Thank you, Mr. Chair.
We have within this section exemptions of information that we've just spoken about.
How the proposed legislation reads currently is:
(2) Information disclosed under a process referred to in subsection (1)
--in other words, the SMS process--
may not be used in the taking of any measure, or in any proceedings, against the document holder or the employee who disclosed it for a contravention of this Act or of an instrument made under this Act.
Amendment NDP-9 simply takes out “the document holder”. So it would continue to protect the employee, and we certainly heard some consistency from witnesses about protecting the employee. I think there was broad agreement on that. We have to have some protection for the employee so that in these incidents, which lead to accidents, as Justice Moshansky said so clearly, the person is protected.
I do not believe the document holder should get what is essentially a get-out-of-jail-free card and that the document holder should have that same ability, essentially, to be protected.
What I hope would happen, Mr. Chair, if we adopt this amendment is that the government might then choose to bring back amendments next Monday that revise the status of the document holder. That's fair game.
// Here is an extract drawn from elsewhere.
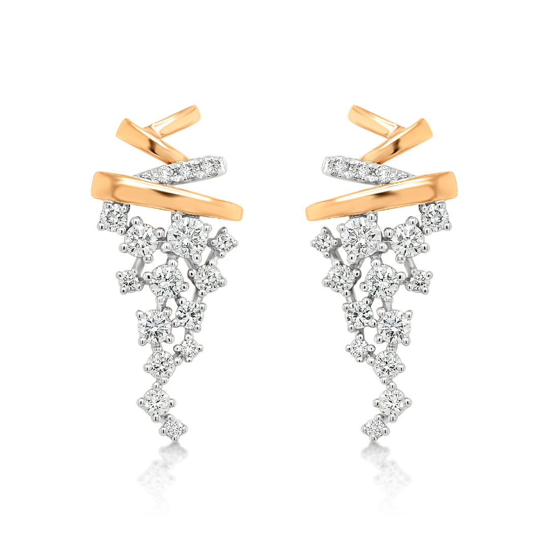 Cercei din aur roz de 18K și elemente din aur alb cu 32 de Diamante naturale de 0.447ct.

They may choose to do that. But very clearly, we cannot have the get-out-of-jail protection we have for employees extended to the document holders themselves. It doesn't make sense. It certainly puts all of us in a precarious position, as parliamentarians, to give this exemption from their responsibility, because essentially what that means is that if the process is respected, as we've already seen, the measures taken are fairly long and arduous. And we saw with rail safety that that kind of situation isn't in the interests of the Canadian public.
The amendment endeavours to take “the document holder” out. The government could then choose to move another amendment on Monday. I'm sure they would have time over the next few days to do that. But we have to have some protection so that when companies go bad, as they sometimes do--and we've certainly heard testimony to that effect--they don't get a get-out-of-jail-free card.